YPG’s DVE landing zone (LZ) has multiple tilled lanes meant to maximize the grit and dirt kicked up by a helicopter’s rotor wash, and also includes target areas and obstacles. Flying successive tactical sorties through on multiple days takes a great deal of planning to ensure safety.

“We have a robust obstacle field that the team at YPG has put together that incorporates a number of poles, wires and vehicles, all at different angles and sizes,” said Minor. “Because of the need to detect obstacles inside of a dust cloud, we have Humvees drive into the dusted-out scene to check the radar and sensors’ ability to see an obstacle when already in an obscured environment.”

Every test day, experimental test pilots fly tactically realistic scenarios across the proving ground, utilizing the DVE LZ and various mountain ranges along the way from Laguna Army Airfield. The DVE LZ in particular is a challenge even to the most experienced of these pilots.
“It’s a fairly tight squeeze for a Black Hawk, especially in a degraded visual environment,” said MAJ Mike Osmon, experimental test pilot. “It takes varsity-level moves to land safely.”

In addition to giving reports on their experiences using the system, the pilots can be accompanied by a test observer and a chase helicopter that gathers data during each flight.
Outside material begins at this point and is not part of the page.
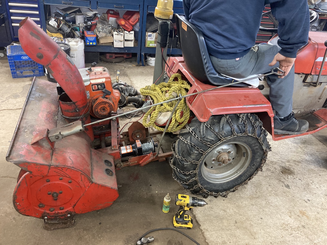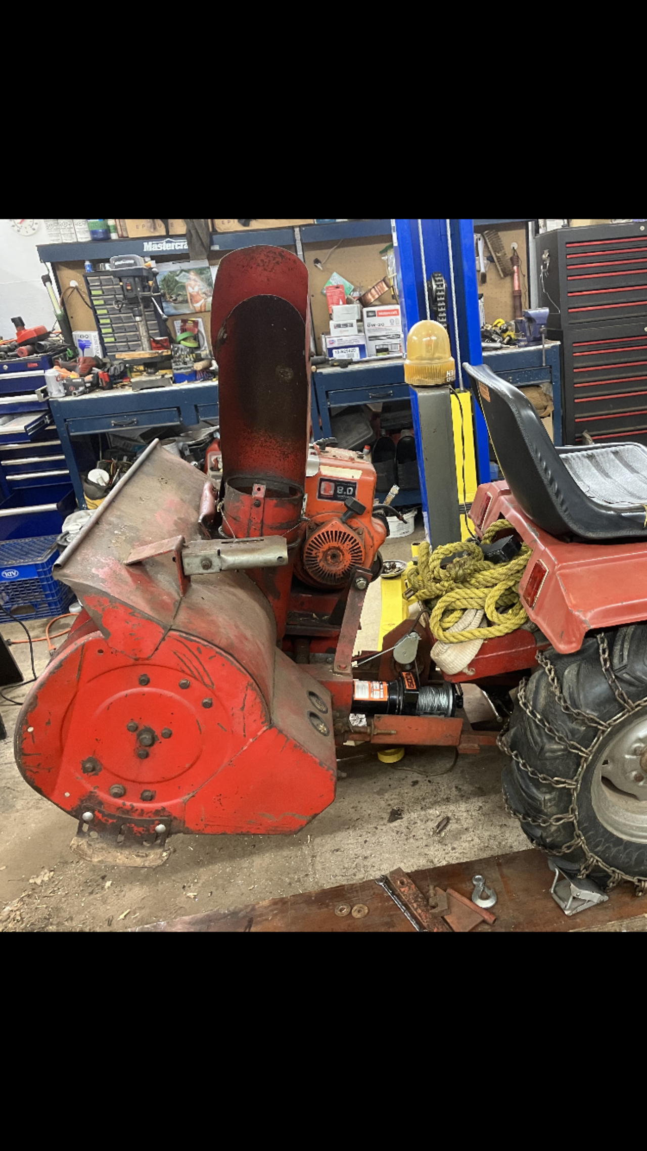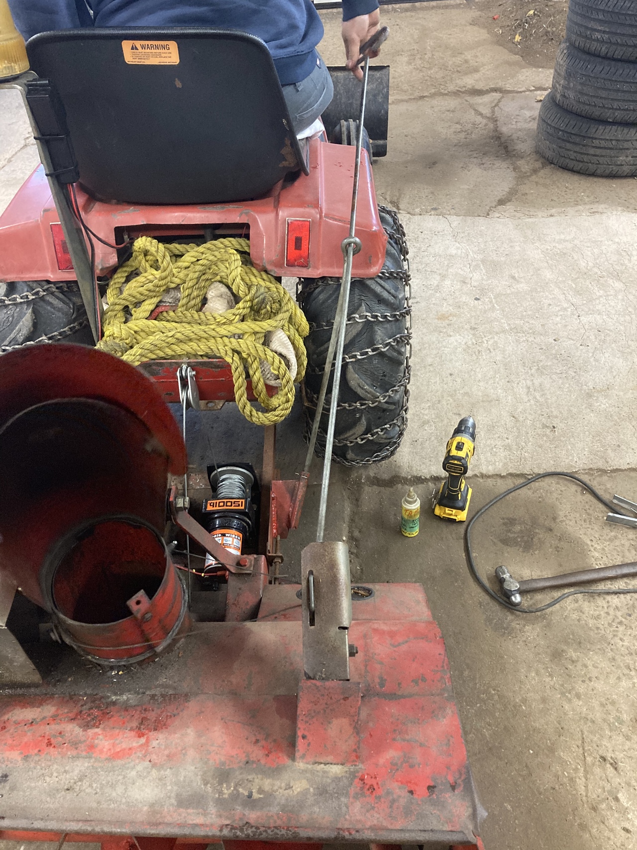Son and I got a little more done on the rear snow thrower. Got the chute turning handle rigged up. A gas tank now, or draw fuel from the tractor and she should work.

The effort commonly requires the support of between 20 and 25 personnel. YPG test officers coordinate helicopter re-fueling at the isolated DVE LZ to maximize the testers’ range time and ensure that the wide-ranging missions can take place without interference from other test programs in progress on the range.

“YPG support is amazing,” said Minor. “There is nowhere else we can get the terrain and mission support we get here. Flexibility isn’t enough: you have to be fluid, and YPG has always gone the extra mile accommodating our tests safely within the limits of the test plan.”
“It is a great capability and a great center of hospitality,” agreed Lewis. “The broader Yuma community was very gracious to us as well.”

Mr. Mark A. Schauer is a public affairs specialist and editor of the garrison news publication for Yuma Proving Ground, AZ.